EXERCISE INSTRUCTIONS - Nothing but the lines below from the one containing "خالد بن سعد" through the one containing "淡いピンク色の小梅の花柄と金彩縁取りが特徴のデザインです。" should appear in the answer, exact and without pictures.
═══
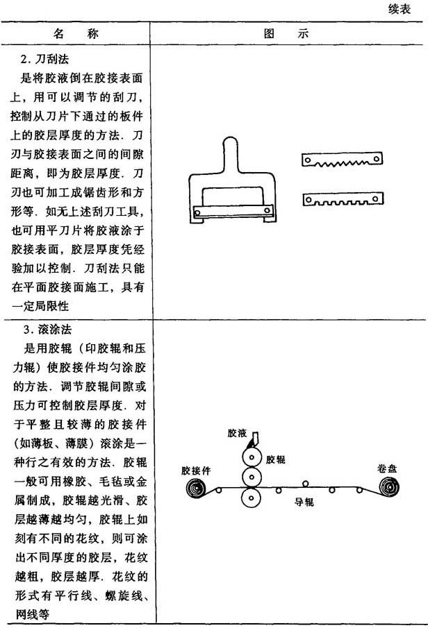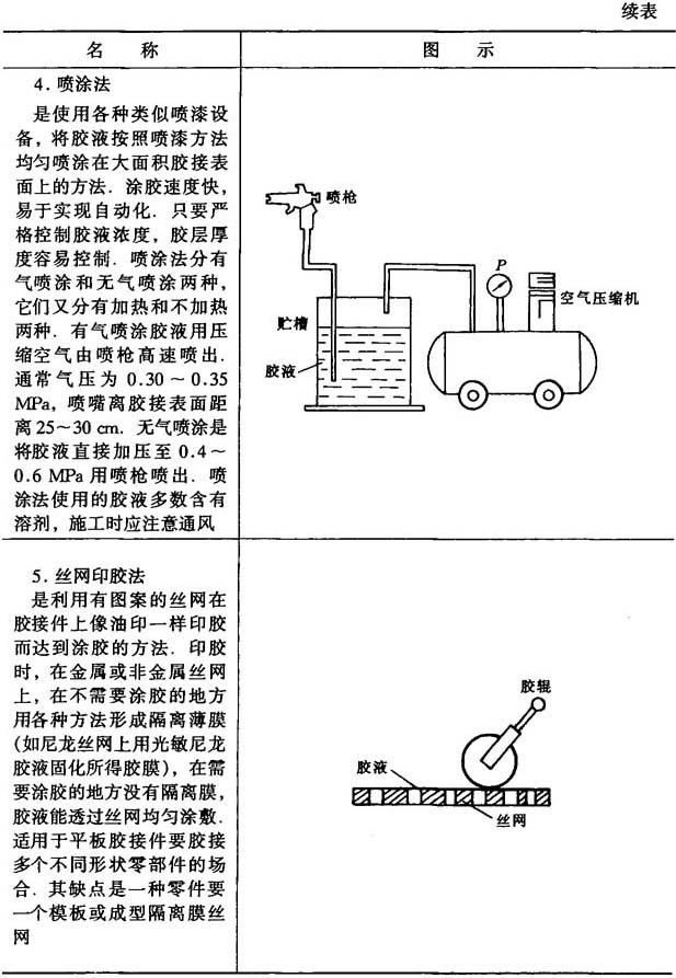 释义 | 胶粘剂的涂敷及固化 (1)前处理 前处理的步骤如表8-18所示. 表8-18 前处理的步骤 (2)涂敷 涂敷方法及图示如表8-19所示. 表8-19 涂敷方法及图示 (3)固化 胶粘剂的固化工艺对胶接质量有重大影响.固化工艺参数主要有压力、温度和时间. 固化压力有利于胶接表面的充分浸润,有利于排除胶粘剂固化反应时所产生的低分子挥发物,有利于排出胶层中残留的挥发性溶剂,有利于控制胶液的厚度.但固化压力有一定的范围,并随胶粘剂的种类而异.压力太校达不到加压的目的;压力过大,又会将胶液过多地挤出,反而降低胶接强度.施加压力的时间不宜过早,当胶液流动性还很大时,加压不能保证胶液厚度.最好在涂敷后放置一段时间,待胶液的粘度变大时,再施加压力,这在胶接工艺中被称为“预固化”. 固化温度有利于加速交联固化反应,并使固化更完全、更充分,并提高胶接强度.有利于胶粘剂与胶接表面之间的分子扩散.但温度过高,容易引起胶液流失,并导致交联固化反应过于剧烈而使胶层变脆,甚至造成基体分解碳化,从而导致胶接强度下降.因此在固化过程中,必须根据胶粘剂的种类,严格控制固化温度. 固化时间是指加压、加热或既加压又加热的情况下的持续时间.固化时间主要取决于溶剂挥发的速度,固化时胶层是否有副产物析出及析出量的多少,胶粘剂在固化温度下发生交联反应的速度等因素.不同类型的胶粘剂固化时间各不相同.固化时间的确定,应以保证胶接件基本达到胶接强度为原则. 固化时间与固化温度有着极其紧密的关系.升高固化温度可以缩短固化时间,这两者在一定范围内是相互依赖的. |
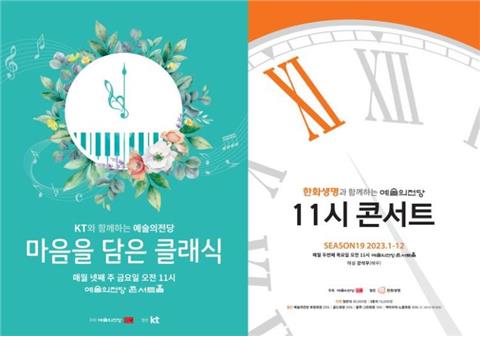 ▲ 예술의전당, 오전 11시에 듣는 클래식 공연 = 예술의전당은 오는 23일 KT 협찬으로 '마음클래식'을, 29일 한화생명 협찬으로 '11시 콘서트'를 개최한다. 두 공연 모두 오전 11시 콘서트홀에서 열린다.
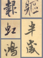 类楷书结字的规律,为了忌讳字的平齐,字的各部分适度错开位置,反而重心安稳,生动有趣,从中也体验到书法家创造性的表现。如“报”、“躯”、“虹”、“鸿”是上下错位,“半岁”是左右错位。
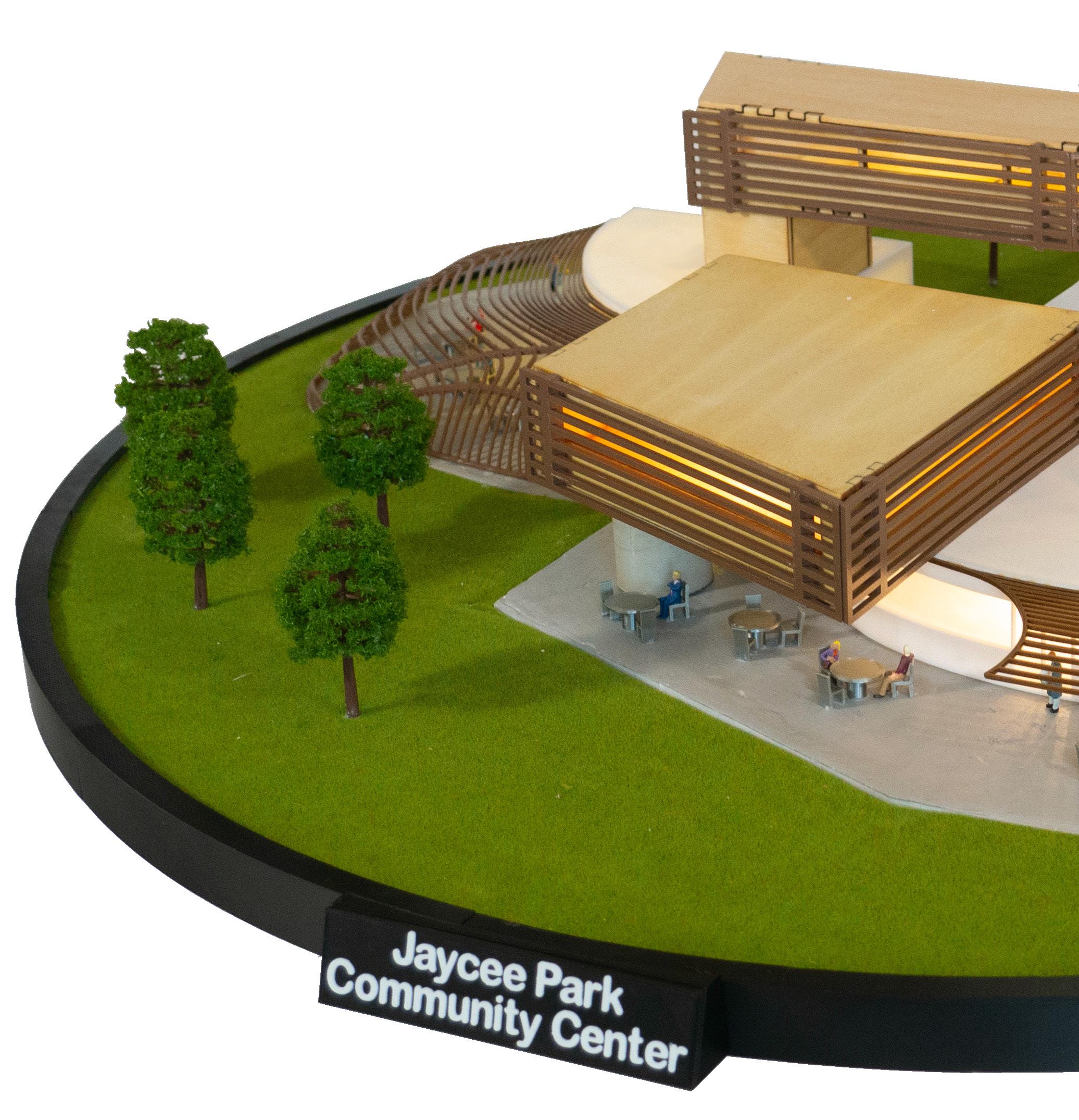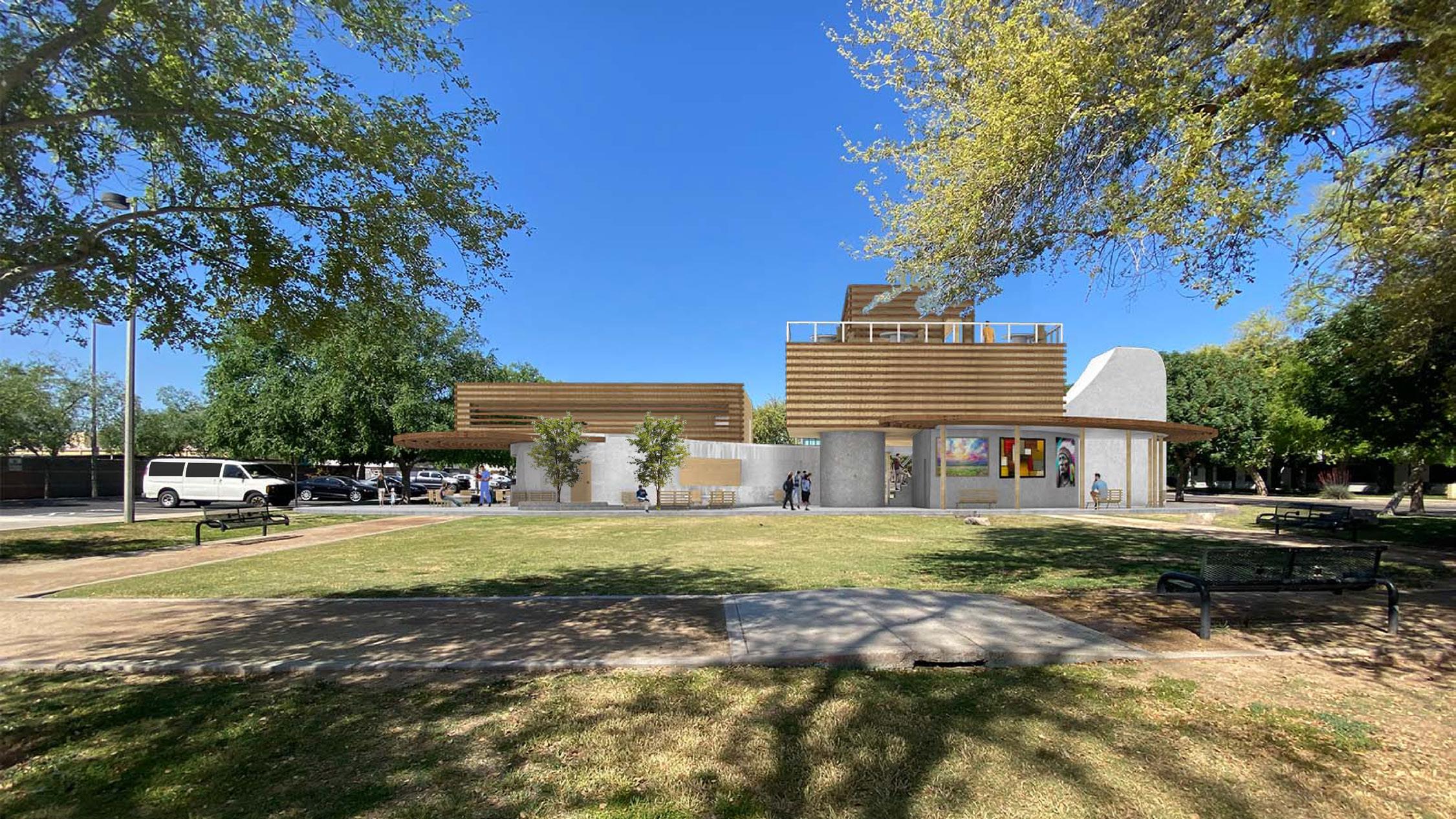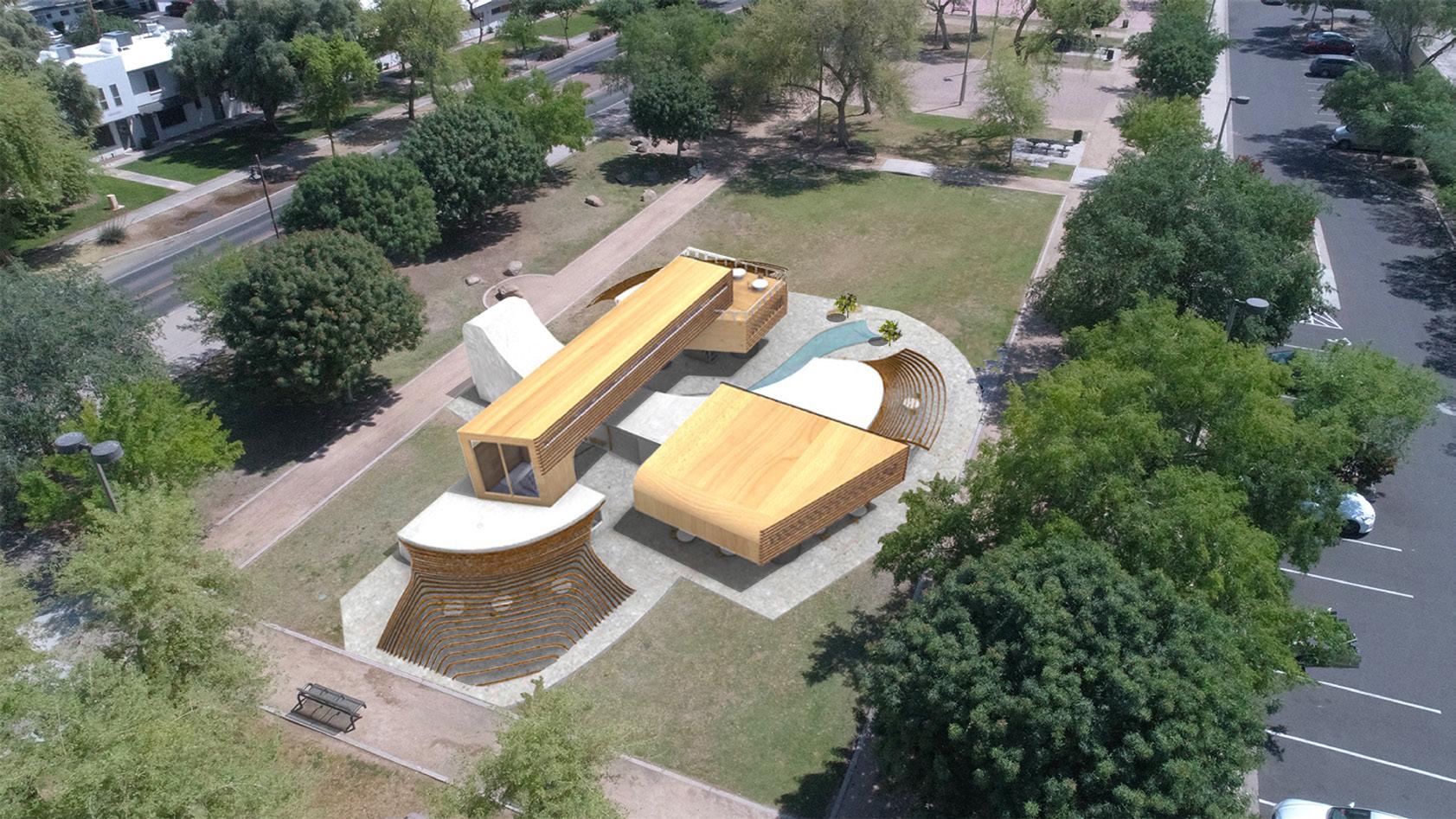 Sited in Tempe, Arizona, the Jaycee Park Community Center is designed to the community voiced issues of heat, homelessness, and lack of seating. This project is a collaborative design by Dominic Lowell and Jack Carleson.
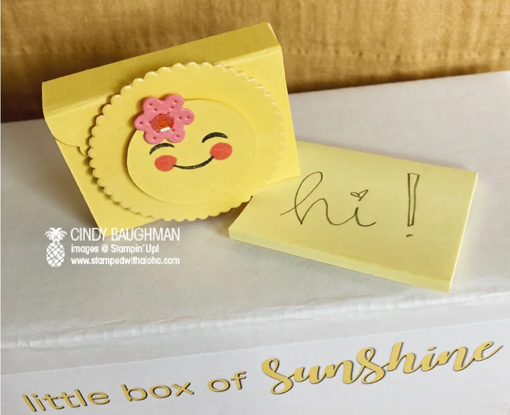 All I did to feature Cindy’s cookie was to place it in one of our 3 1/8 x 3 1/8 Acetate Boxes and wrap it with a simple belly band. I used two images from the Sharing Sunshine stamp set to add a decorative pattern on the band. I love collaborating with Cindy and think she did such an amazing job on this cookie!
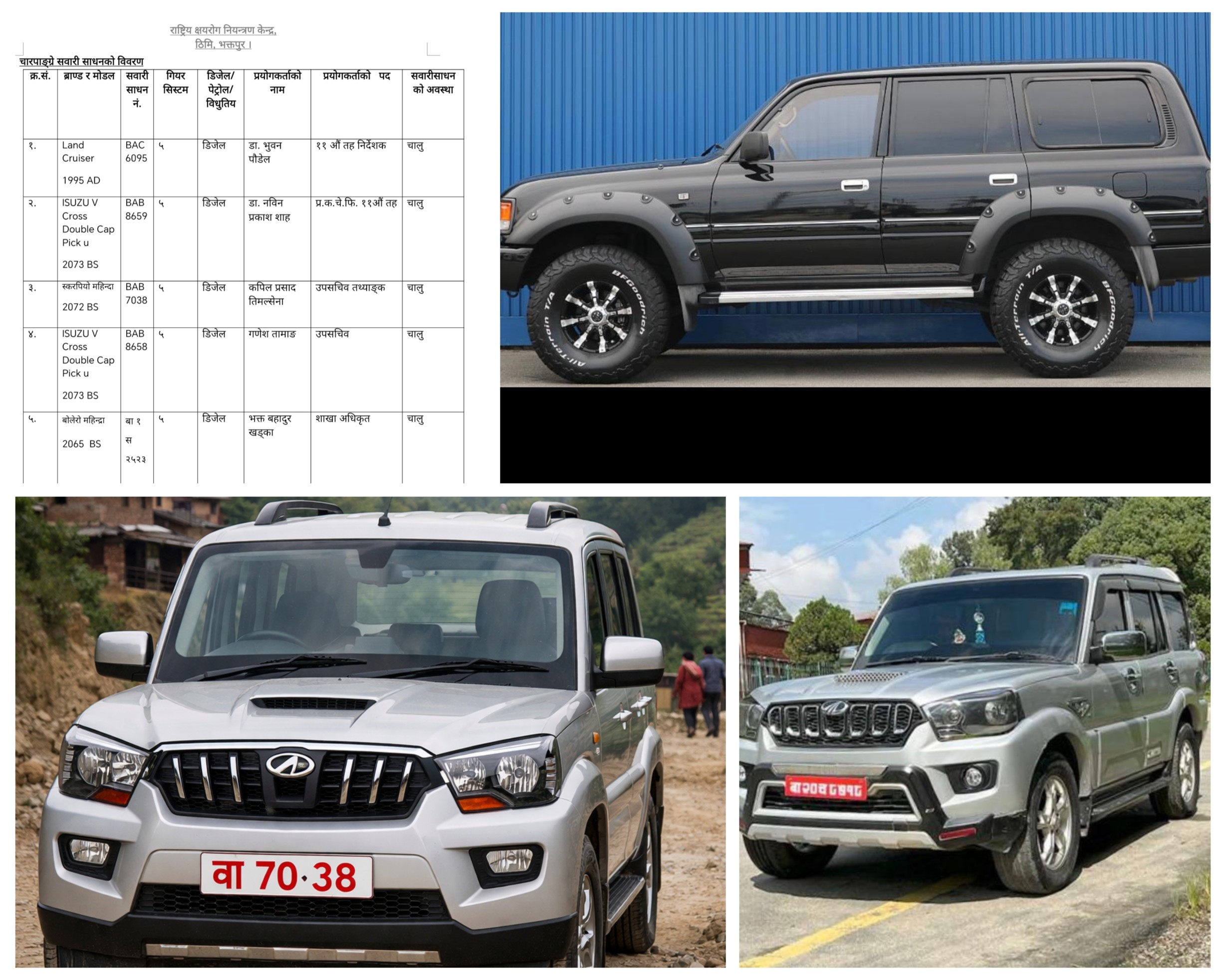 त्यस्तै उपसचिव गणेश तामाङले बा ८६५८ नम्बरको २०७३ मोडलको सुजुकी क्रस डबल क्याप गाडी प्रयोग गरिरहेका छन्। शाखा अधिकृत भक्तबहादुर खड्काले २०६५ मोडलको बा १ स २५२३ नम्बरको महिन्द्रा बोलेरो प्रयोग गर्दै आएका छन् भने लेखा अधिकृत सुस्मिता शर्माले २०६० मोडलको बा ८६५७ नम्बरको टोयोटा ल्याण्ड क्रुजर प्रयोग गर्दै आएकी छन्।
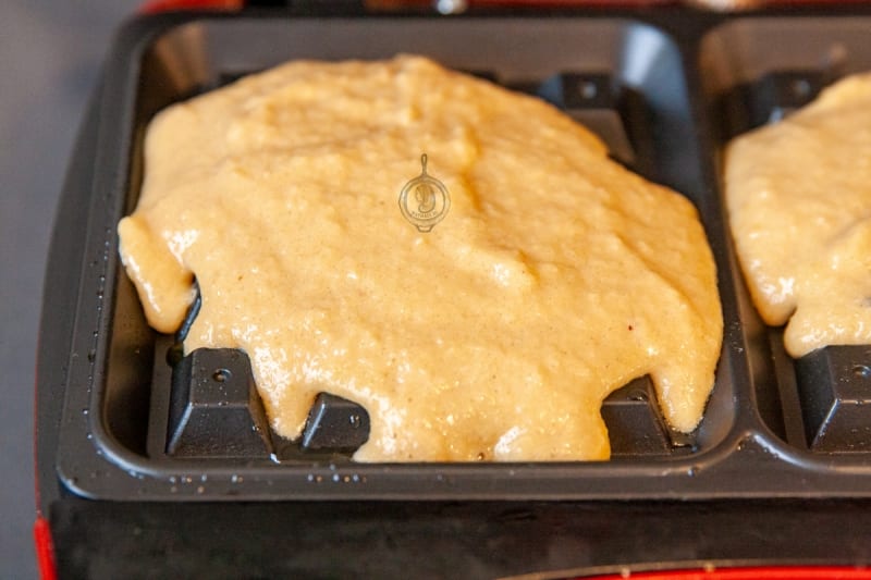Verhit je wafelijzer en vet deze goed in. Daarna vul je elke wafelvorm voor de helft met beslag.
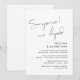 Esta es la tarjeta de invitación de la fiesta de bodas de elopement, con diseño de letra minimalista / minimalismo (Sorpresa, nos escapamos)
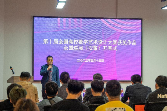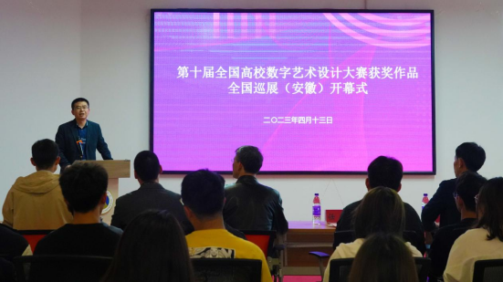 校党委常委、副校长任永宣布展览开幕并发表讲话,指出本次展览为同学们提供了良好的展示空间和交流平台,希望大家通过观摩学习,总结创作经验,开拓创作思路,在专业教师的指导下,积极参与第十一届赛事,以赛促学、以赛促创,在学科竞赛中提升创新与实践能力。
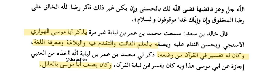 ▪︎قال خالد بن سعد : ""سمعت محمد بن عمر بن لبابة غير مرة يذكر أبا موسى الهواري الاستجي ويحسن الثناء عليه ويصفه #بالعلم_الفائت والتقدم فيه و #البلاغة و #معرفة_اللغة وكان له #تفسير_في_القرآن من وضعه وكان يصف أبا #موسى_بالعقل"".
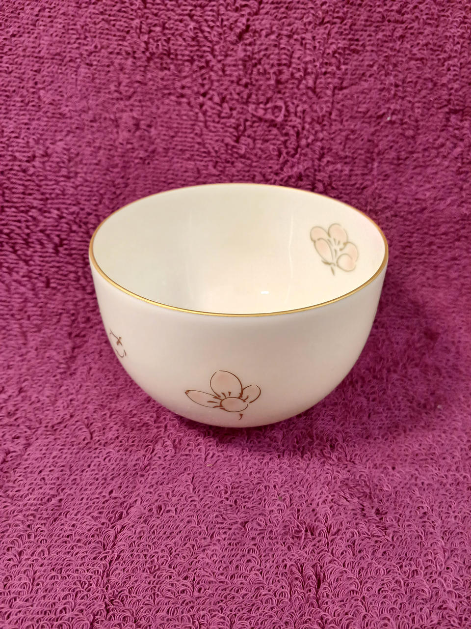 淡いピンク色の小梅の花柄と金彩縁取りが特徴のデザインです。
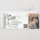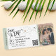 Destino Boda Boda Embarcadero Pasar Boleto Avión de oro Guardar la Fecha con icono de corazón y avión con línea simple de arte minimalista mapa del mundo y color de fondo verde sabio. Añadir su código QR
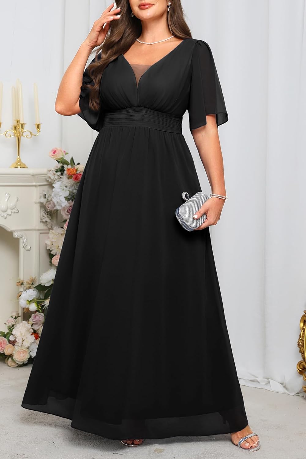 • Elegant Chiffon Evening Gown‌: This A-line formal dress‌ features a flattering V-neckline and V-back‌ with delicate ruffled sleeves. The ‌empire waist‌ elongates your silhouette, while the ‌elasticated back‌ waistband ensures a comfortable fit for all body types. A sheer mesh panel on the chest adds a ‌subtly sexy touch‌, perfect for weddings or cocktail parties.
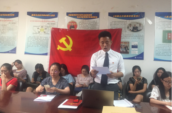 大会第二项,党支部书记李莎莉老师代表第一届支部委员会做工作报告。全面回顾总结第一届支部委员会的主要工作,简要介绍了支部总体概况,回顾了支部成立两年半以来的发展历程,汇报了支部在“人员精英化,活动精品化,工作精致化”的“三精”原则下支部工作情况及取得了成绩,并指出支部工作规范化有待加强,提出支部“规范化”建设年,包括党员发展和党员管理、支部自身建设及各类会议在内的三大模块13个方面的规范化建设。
═══
SOLUTION BELOW -
 ▪︎قال خالد بن سعد : ""سمعت محمد بن عمر بن لبابة غير مرة يذكر أبا موسى الهواري الاستجي ويحسن الثناء عليه ويصفه #بالعلم_الفائت والتقدم فيه و #البلاغة و #معرفة_اللغة وكان له #تفسير_في_القرآن من وضعه وكان يصف أبا #موسى_بالعقل"".
 淡いピンク色の小梅の花柄と金彩縁取りが特徴のデザインです。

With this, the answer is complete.